The CuraItalia Decree and the protocol adopted by the Supreme Council of the Judiciary (Consiglio Superiore della Magistratura, CSM) following the proposal by the National Bar Council (Consiglio Nazionale Forense, CNF) (“CSM-CNF Protocol“)[4] provide some operational guidelines on how to manage the virtual and written hearings.

Virtual hearing:

  • this type of hearing is recommended for hearings that do not require the attendance of persons other than counsel and parties (recourse to the virtual hearing is, therefore, excluded in principle for evidence-taking hearings);
  • the virtual hearing shall be organised so to preserve the respect of the adversarial process and the effective participation of the parties;
  • the virtual hearing shall be managed through Microsoft Teams[5];
  • parties are summoned to the virtual hearing through a Court order to be notified to the parties at least 7 (seven) days before the hearing date; the order shall contain a clear indication of the day, time and the hypertext link to the virtual hearing room;
  • the failure of parties to appear at the virtual hearing shall trigger the same effects as the failure to appear before the judge in person as provided for in the Italian Code of Civil Procedure, provided that the summon to the virtual hearing was duly notified;
  • at the hearing the judge shall ascertain that only the entitled persons will attend;
  • parties are allowed to use the tools made available by the Microsoft Teams software, such as the screen-sharing for exhibition of documents, provided that the Judge so authorizes;
  • recording of the virtual hearing is prohibited;
  • at the end of the virtual hearing, the judge shall read the minutes of the hearing to the parties and shall invite the parties’ counsel to declare that the hearing was properly held in full compliance with the adversarial principle.

Written hearing:

  • it is recommended for hearings that require the presence of counsels only;
  • the written hearing is carried out by means of the exchange and electronic filing of summary written notes, including only parties’ claims and statements of relief, and the issuance of a subsequent written order by the Judge to be notified electronically to the parties;
  • it is up to the judge to issue an order granting each party a reasonable time limit for filing written notes ahead of the date set for the hearing;
  • in case the hearing is held in a written form the date of hearing originally set can be maintained or rescheduled by the Judge;
  • on the date set for the hearing, the judge ascertains that all notifications to the parties have been performed by the Court’s clerks, that the parties’ written notes have been duly filed;
  • Courts can provide that the written hearing is to be used with preference, provided that the protection of the parties’ right to be heard is always fully ensured.

Hearing in person:

  • hearings are usually public in Italy; however, if the hearing is to be held in person in Court, judges can provide for the hearing to be held behind closed doors to ensure health safety;
  • hearings in person shall be properly scheduled, in order to ensure that there is no overlap between hearings and avoid the potential risk of people gathering in proximity of hearing rooms/Court buildings;
  • Courts shall provide for specific practical guidelines for hearings in person to be held (which shall include the application of proper distance measures, identity verification, the use of PPE tools by all attendees, etc.).

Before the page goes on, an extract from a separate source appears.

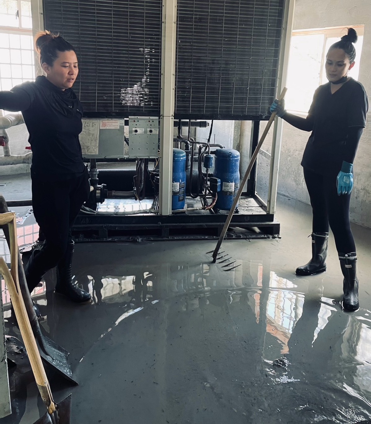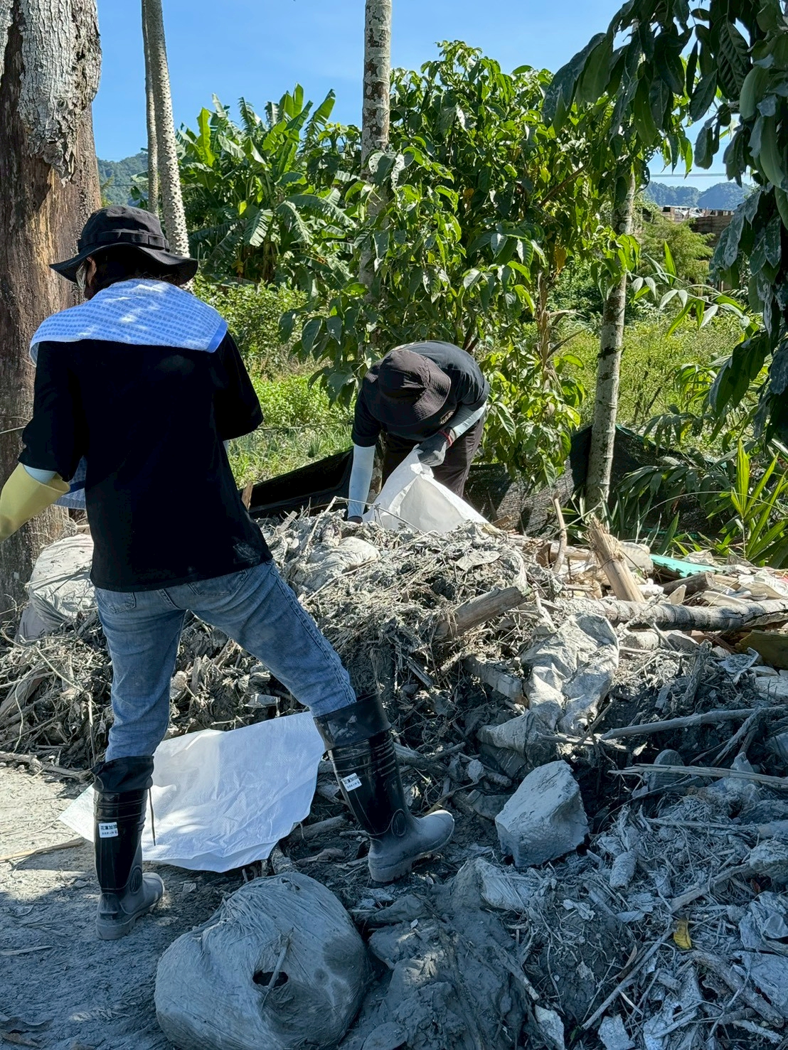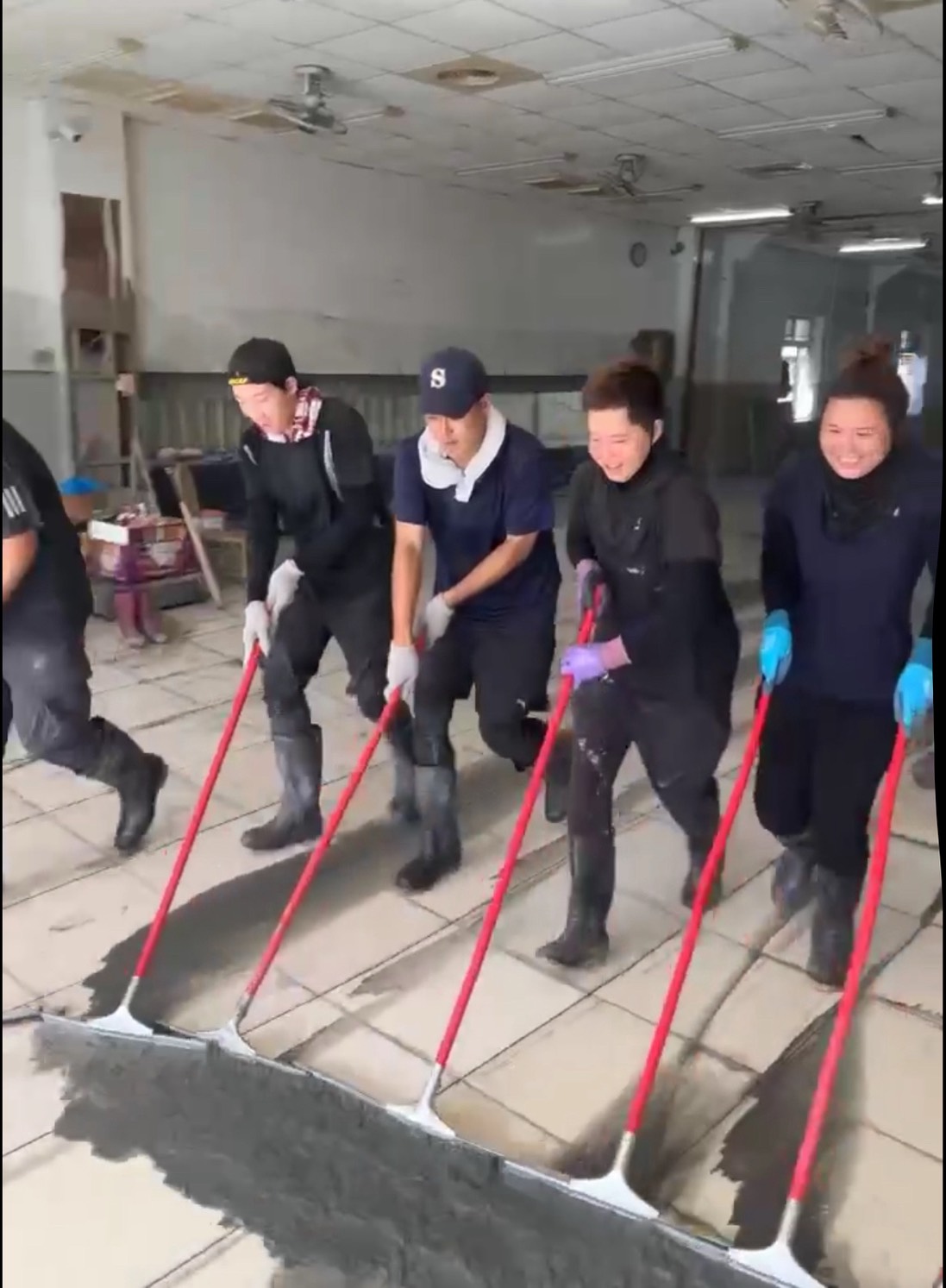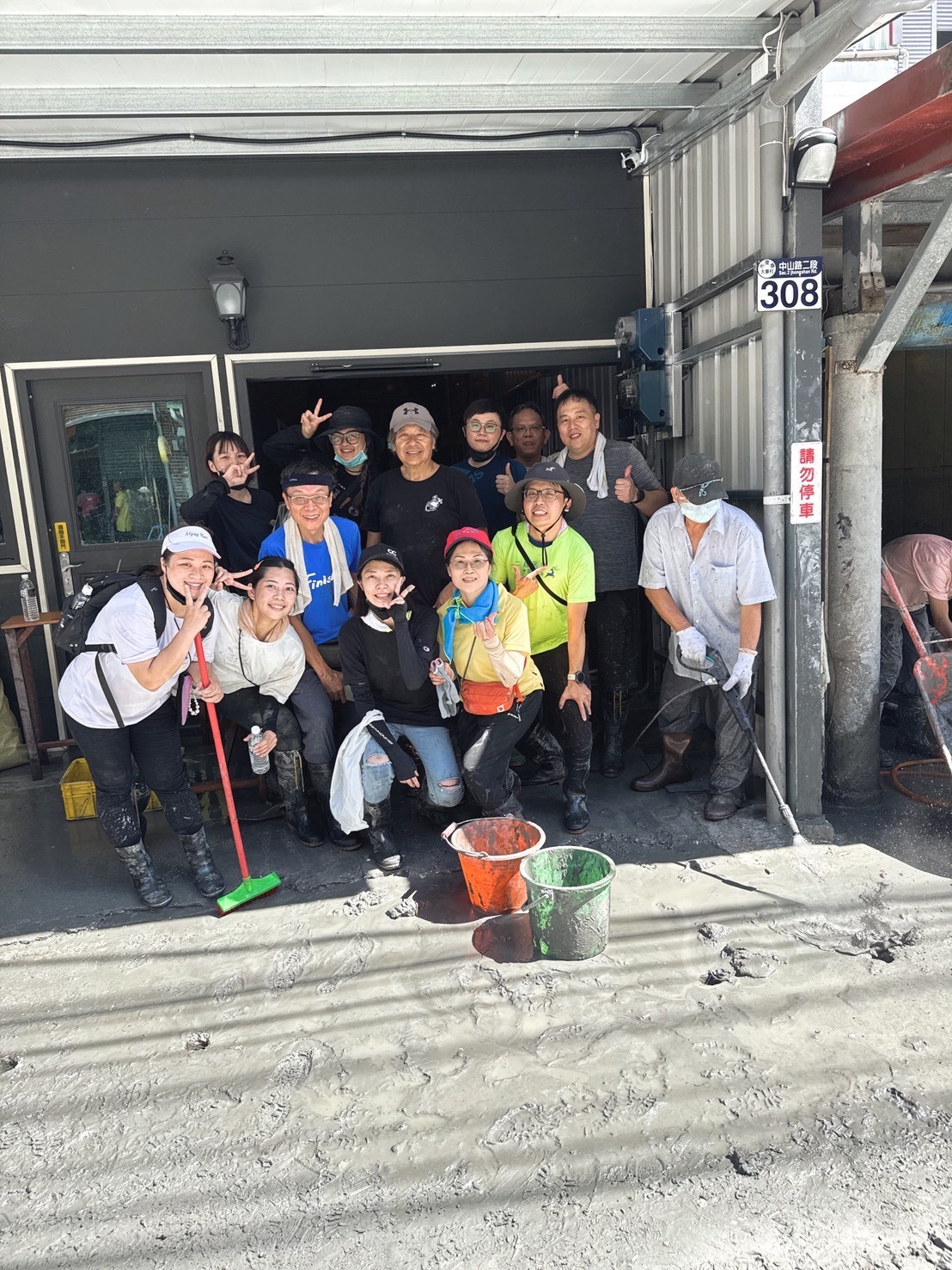 抵達現場後,滿目瘡痍的景象映入眼簾:堆積如山的泥土、坍塌的房舍、漫天飛舞的灰塵,以及物資雖多但人手短缺的困境。夥伴們全副武裝,穿梭於重災戶住家與物資發放站之間,親手鏟土清泥、搬運補給,用汗水取代言語,以實際行動撐起災後重建的希望。

All Italian Courts have already fully implemented the above provisions and issued more practical instructions for the management of hearings.


[1] See the Binding Guidelines adopted by the President of the Court of Milan (prot. no. 56 of 10 April 2020).

[2] See the Binding Guidelines adopted by the President of the Court of Rome (prot. n. 5273 of 20 April 2020).

[3] See the Binding Guidelines adopted by the President of the Court of Milan (prot. no. 56 of 10 April 2020), p. 7; see the Binding Guidelines adopted by the President of the Court of Appeal of Milan (prot. no. 3416 of 10 April 2020), p. 3.

[4] See CSM plenary resolution of 26 March 2020.

[5] See the order issued by the Directorate General for Automated Information Systems (DGSIA) of the Department of Judicial Organization, Personnel and Services at the Ministry of Justice on March 20, 2020.